This dream is from Firequeen, who recently published
Dream Diary of a White Witch. As usual with dreams contributed to this blog, I will interpret Firequeen's dream as if it were one of my own
Firequeen's Dream: I dreamed I went to a large house where I met a man. I felt very drawn to this man and we sat and relaxed and talked a long time. We sat close together and I felt sexually attracted to him. He was talking in an authoritative way and said ‘We must get you a car, a red one’. I said that would be nice but I had never learned to drive. He said that was not a problem as he would teach me.
Then it was next morning but there was nothing in the dream concerning the night, where I had spent it, whether with this man or not. I was getting ready to leave the house to go to work, but it was filling up with other people who were all coming there to see the man or to do business with him. It seemed that he was an important person and some of what he did was directing films, so he had to see everyone and tell them what to do. He was very busy, with this and other things.
I began to feel left out of this side of his life, and wondered what was going on.

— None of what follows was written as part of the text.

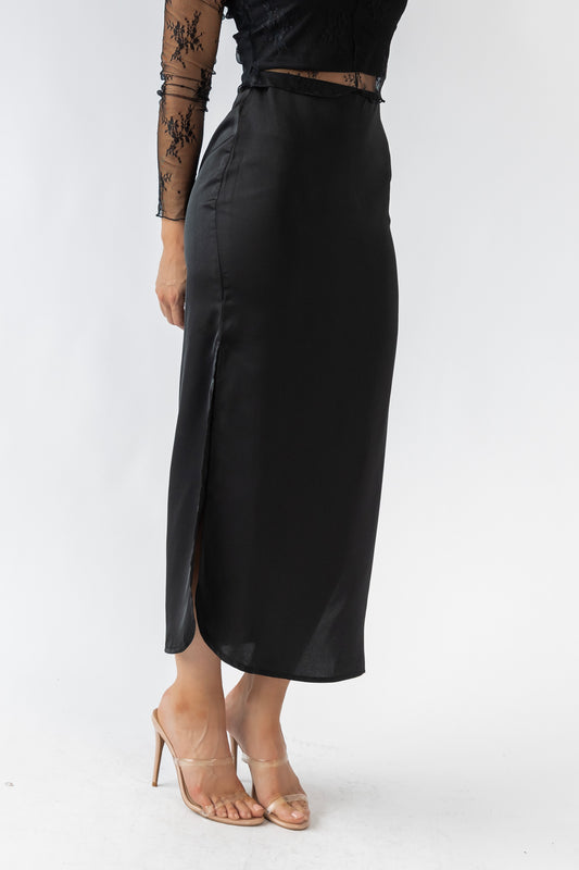 Dayton Black Satin Midi Skirt - FINAL SALE

When I wanted to speak to him it was not possible, he was too busy. Then someone unseen (or a Voice) told me that this was my house and that he was taking it over, and that I should not allow this to happen, it was foolish of me.
But inside I had this wonderful feeling like when you are tremendously in love and all you want is to be with the other person, and I knew this was worth anything, any sacrifice, because it is the most marvelous feeling in the world, which money can’t buy. And I woke up with the feeling, the urge, the longing for this person still with me, and I felt its full force.
And now I cannot even remember what it was like, I cannot call up the memory of that emotion. I only know I felt it once again, as I must have felt it in the past. Only it is long gone.
Carla's thoughts: In this dream the house represents me, and the man I meet there is a part of myself that I haven't integrated. Jung tells us that a sexual encounter in a dream can be a conjunctio, a coming together of two aspects of the Self that have been alienated. My attraction to this man indicates that I am getting ready to accept this strong, engaged, authoritative part of myself. When he offers me a vibrant red car, my animus is offering me a new zest for life. Since a car represents our way of negotiating the road of life, when I tell him that I have not learned to drive I am expressing my fear that I am unable to actuate my life. But this unrecognized part of me is not afraid at all; he will teach me.
In the second and third paragraphs of the dream I begin to see why I have resisted accepting this animus figure as part of myself. The man is very busy and must lead and direct a lot of people. If I completely accept this role, I feel that I am taking on a burdensome amount of responsibility. As I become so busy supervising others and working in the outside world (the realm of the animus) I feel I am losing the other part of myself, the the spiritual place where I customarily live. I don 't want the strong, directive part of me to take over at the expense of the more sensitive, intuitive part.
In spite of my conflicted feelings, my longing in the final paragraph of the dream tells me that I want to make room for this emerging part of me—the part that leads and is in charge, the part that enjoys driving the red car. My animus is generating excitement in me and uniting with him will give me renewed passion for life. With this dream my unconscious tells me that at this point in my life I am able to unify and balance what have been, until now, sparring aspects of my psyche.